1. The problem statement, all variables and given/known data
An electron with a speed of 5 E6 meter/second moves into a uniform electric field with a value of 1,000 volt/meter. The field is parallel to the electron's motion. Calculate the distance it travels before being brought to rest.

2. Relevant equations

3. The attempt at a solution

2. Jul 21, 2009

### negitron

You've provided the problem, but no attempt at a solution or even an attempt at stating relevant equations. The harder you try, the more we'll help you. Zero effort gets zero help.

3. Jul 21, 2009

### DPavel

wow that is very rude! the whole reason i posted it is because i am not sure where to begin. i am a PT major just trying to make it through this class. sheesh. next time, keep your mean comments to yourself!

4. Jul 21, 2009

### ralilu

multiply the charge of an electron by the electric field, this should give you a resultant force. divide the force by the mass of an electron to get the decelleration. so now u got the initial velocity, the decelleration and the final velocity (zero) which is enough to calculate the distance using: final velocity squared = initial velocity squared + 2 x acelleration x distance

5. Jul 21, 2009

### ralilu

negitron has a point. u must atleast attempt problems on your own if you want any hope of surviving the course. not just post it on the web coz u dnt feel like trying

6. Jul 21, 2009

### DPavel

but then the answer would be zero...would it not? because to find the distance you would have to divide that answer by zero??

7. Jul 21, 2009

### Pengwuino

You should not be surprised by the response if you read the forum rules. We do not answer your questions without any work, we do not attempt to guess at what you're thinking or asking, we provide support to students who has attempted problems and are having trouble. The template you used should have hinted at what you needed to provide.

For this question, do you know the force acted on a charge in a constant electric field?

8. Jul 21, 2009

### DPavel

i believe you have it all wrong. i am just trying to study for my final, and this is a chapter i have trouble with. and ive been searching for an answer for a few hours on this. anyway, i appreciate the help that you have given me. and really, to say that i am just posting it on the web because i do not feel like trying is...well, wrong. it was kind of a last resort. summer class for physics II is trying to teach a 15 chapters in 6 weeks with a book that I could not afford. So yes, I do use the internet to search for equations and this is the one problem that I cannot locate.
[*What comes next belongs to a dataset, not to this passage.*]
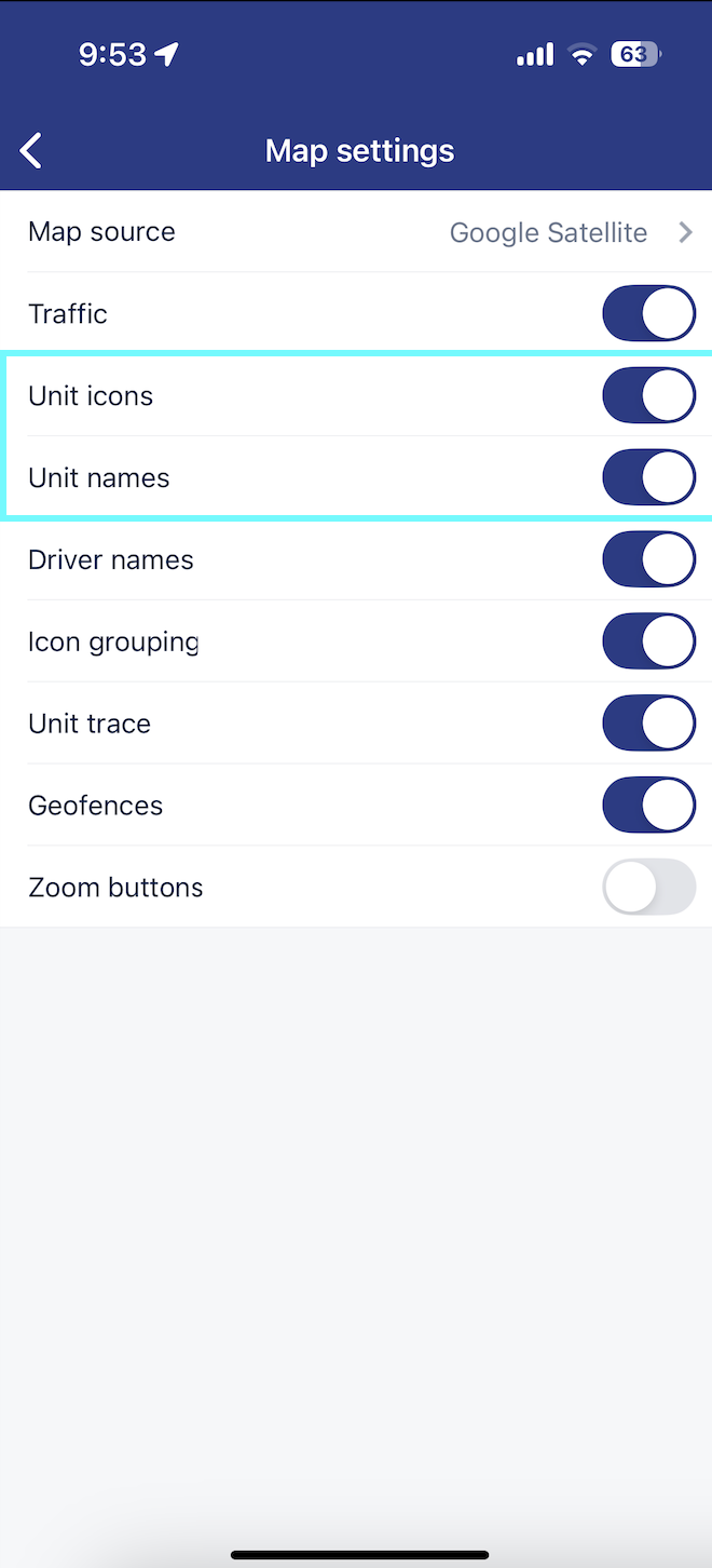 Yes, in the Map Settings section, you can toggle the display of unit names. If this option is disabled, the unit names will not appear on the map.

again, thanks for the help.

9. Jul 21, 2009

### DPavel

the K constant? 9 E 9 i believe..

10. Jul 21, 2009

### Dick

You don't need that. Use conservation of energy. How much initial kinetic energy does the electron have? How much energy does it lose every meter it moves through the field? Do you have a formula for any of these things?

11. Jul 21, 2009

### Pengwuino

Actually in this question, you do not need the coulomb constant. If you know the electron is in a constant electric field, E, it experiences a force of F = qE where q is the charge or in this case, -1.602e-19 C. We also know that F = ma. Equating the two, you see that f = qE/m. At this point, we can use our kinematics. Remember, the force should be negative since it's an electron with negative charge and a positive electric field.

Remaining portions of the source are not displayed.